Versuche, welche klären sollten, ob dies einen Standortvorteil gegenüber der Begleitvegetation ist, verliefen negativ. Daran liegt es also nicht.
Die Antwort findet man im Mittelmeerraum. In niederen Lagen wachsen dort die Arten auf ganz normalen Böden, mit einer leichten Neigung zum Kalkboden, aber nicht zwingend mit hohen Ansprüchen an bestimmte Nährstoffe. In den höheren Lagen im Gebirge aber, das gleiche Bild wie nördlich der Alpen.
Die Ergebnisse lassen eigentlich nur den Schluss zu, dass die hohen Konzentrationen der genannten Nährsalze für die Winterhärte wichtig sind.

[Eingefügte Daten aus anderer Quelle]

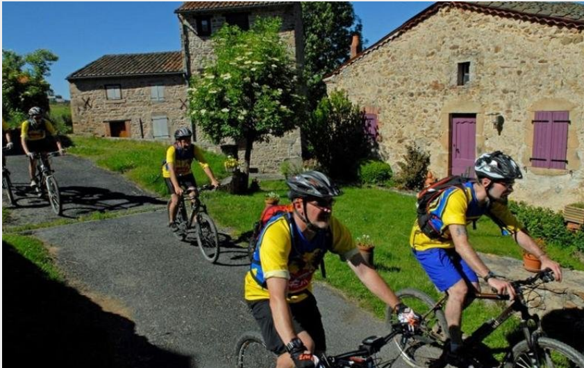
Dans le village en VTT (Auzon communauté)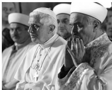
A la Mosquée bleue

— La Mosquée bleue de Constantinople le 30 novembre 2006. A l'invitation de son hôte musulman Mustafa Cagrici (mufti d'Istanbul), il s'y recueillit quelques instants, les mains croisées sous la poitrine, tourné dans la direction de la Mecque . Il avait auparavant enlevé ses chaussures et enfilé des babouches blanches pour y pénétrer. Les journalistes turcs ont reconnu dans son attitude la « posture de la tranquillité » (une des attitudes de la prière musulmane). Nous sommes loin de l'attitude de saint Pierre Mavimène, fêté le 21 février, placé sur les

Warum andere Böden, z. B. Sandböden welche durchaus ein besseres Wärmeklima haben, in der nördlichen Hemisphäre nicht besiedelt werden, erklärt sich aus ihrer Entstehung. Nur Kalkgesteine haben durch den speziellen Ablauf ihrer Genese eine hohe Anreicherung mit den entscheidenden Elementen erfahren, welche heute durch den Verwitterungsprozess wieder freigesetzt werden.
Deshalb und nur deshalb wachsen die meisten Knollenorchideen heute bei uns in kalkhaltigen Böden.
Dies trifft nun auf alle Knollenorchideen zu, welche erst vor wenigen tausend Jahren aus dem Mittelmeerraum oder vom Balkan in Mitteleuropa eingewandert sind. Sie halten es wie in den heimatlichen Gebirgen.
Ein interessanter Nebenaspekt. Den ich abgeleitet habe ist, dass somit auch viele mediterrane Orchideen bei entsprechendem Boden und Düngung auch bei uns im Freiland kultiviert werden können.
Ich habe es ausprobiert und es klappt.
Ausnahmen von dieser Regel sind alle Dactylorhizen (ohne D. sambucina), Ophrys insektifera, Orchis morio, Orchis coriophera und O. mascula. Sie brauchen nicht unbedingt hohe Nährsalzangebote. Diese Arten sind schon stärker angepasst, was die Vermutung nahe legt, das sie schon weit früher ins zentrale Mitteleuropa eingewandert sind.
Erstaunlich ist aber wiederum, das z. B. Ophrys insektifera an seiner nördlichen Verbreitungsgrenze südlich von St. Petersburg, bei dem dort noch kälterem Klima, dann auch nur noch wieder auf Böden mit den hohen Konzentrationen der angesprochenen Nährsalze wächst.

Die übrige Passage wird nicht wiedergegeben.